Ignoring the fact that the Ninth Circuit judges had said the lawyers representing the Plaintiffs had flat failed to make their case, Patterson and Shuford reached deep into the Critical Race Theory bag to argue that the liberal-leaning Ninth Circuit was somehow hostile to poor, black folk.

While admitting that today’s America has virtually eliminated the segregationists and vile white supremacists like George Wallace, they nonetheless conclude that “the majority of racial bias is structural or implicit … defining who has access to goods, services and opportunities.” In other words, because Sylvia Darensburg has to rely on a bus to get around the city, has to walk blocks to a bus stop, and has to wait awhile for a bus, the shadow of George Wallace still lurks in Oakland.

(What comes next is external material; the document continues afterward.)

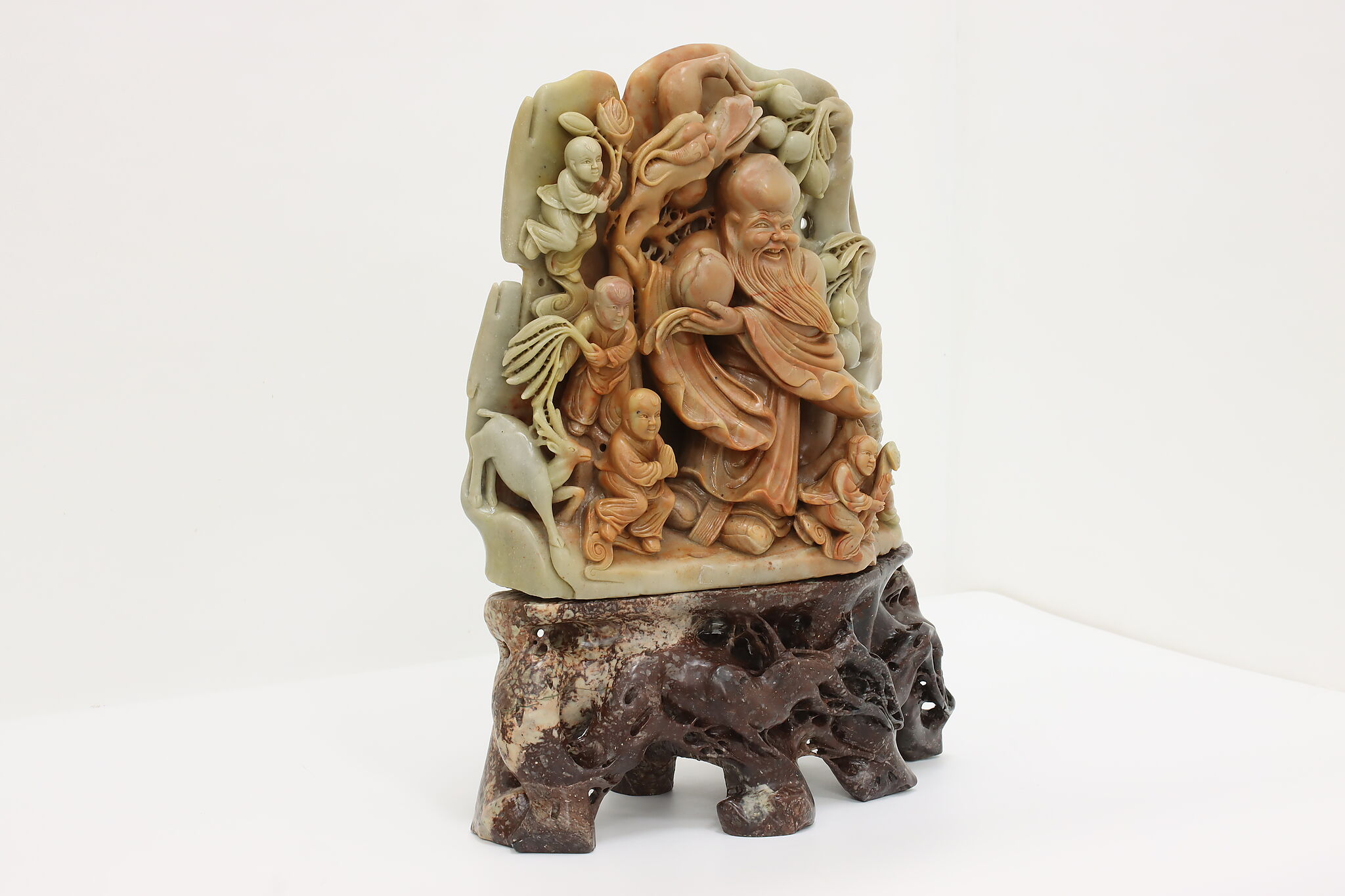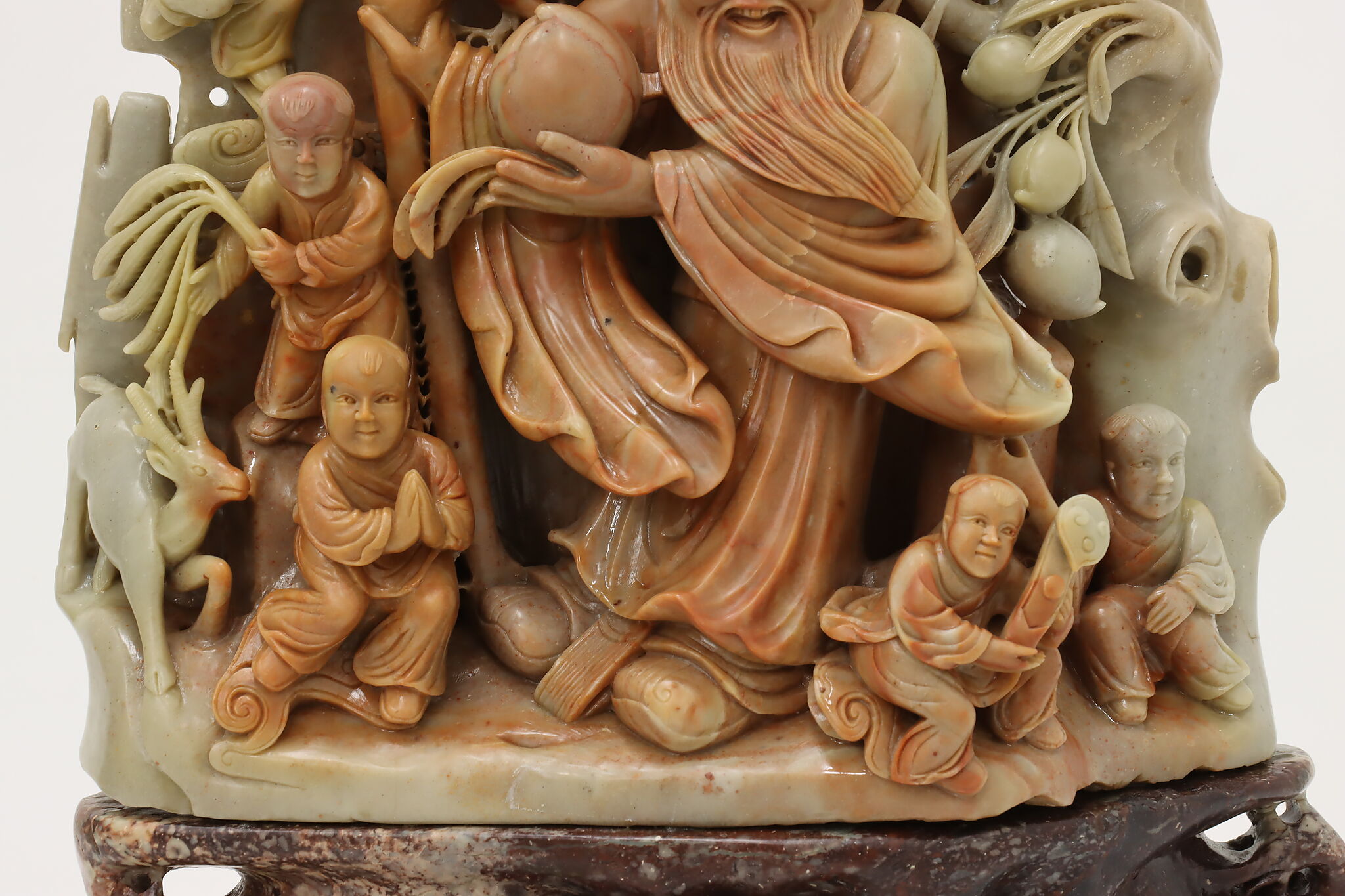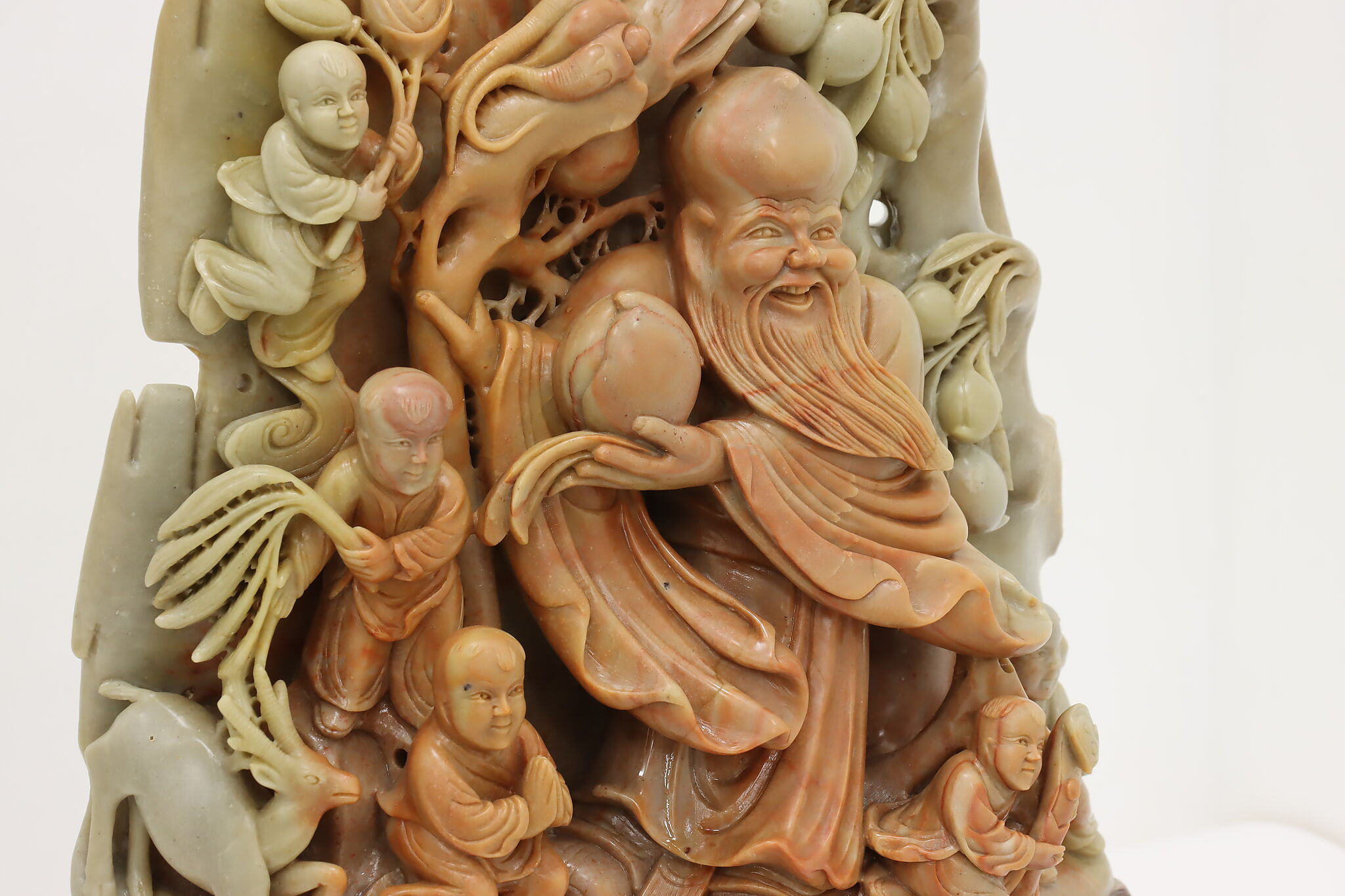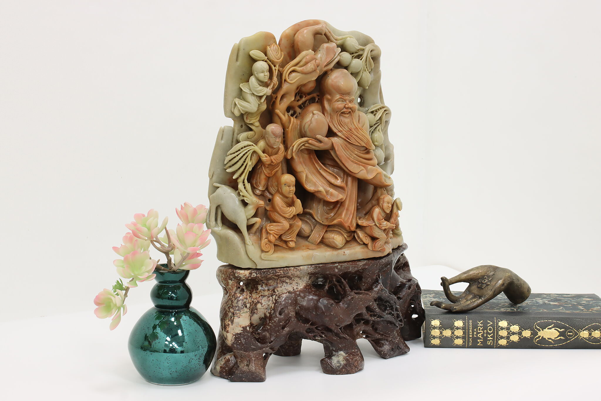 This sculpture of the Chinese god of longevity, Shou Lao, is gorgeously hand carved of soapstone with children, immortality symbol of peaches and a dragon staff.

But the world we exist in is not always a fair place, and what the original architects of the civil movement struggled for was the equality of opportunity, not equality of outcomes.  It would be preferable that people who have to ride buses could find them to be safe, affordable, easily accessible and always arrived on time.

But because that may not always be the case in cities all over America, it doesn’t mean that race or class-based discrimination is at work, or a cabal of racists is busy inside a major American city’s transit authority to make life miserable for racial minorities who have to ride buses.

In his concurring opinion, Judge John T. Noonan stated “In the Bay Area … social change has been fostered by liberal political attitudes, and a culture of tolerance.  An individual bigot may be found, perhaps even a pocket of racists.  The notion of a bay Area board bent on racist goals is a specter that only desperate litigation could entertain.”

Ouch … desperate litigation?  But what are today’s civil rights advocates desperate about?  Could it be that shrinking bigotry and increasingly liberal racial attitudes has caused a “desperate” need to insist they are still relevant – even if racism may today be something that’s only occasionally implicit?

Joe Hicks is the vice president of Community Advocates and host of PJTV.com’s the “Hicks File.”  David Lehrer is president of Community Advocates.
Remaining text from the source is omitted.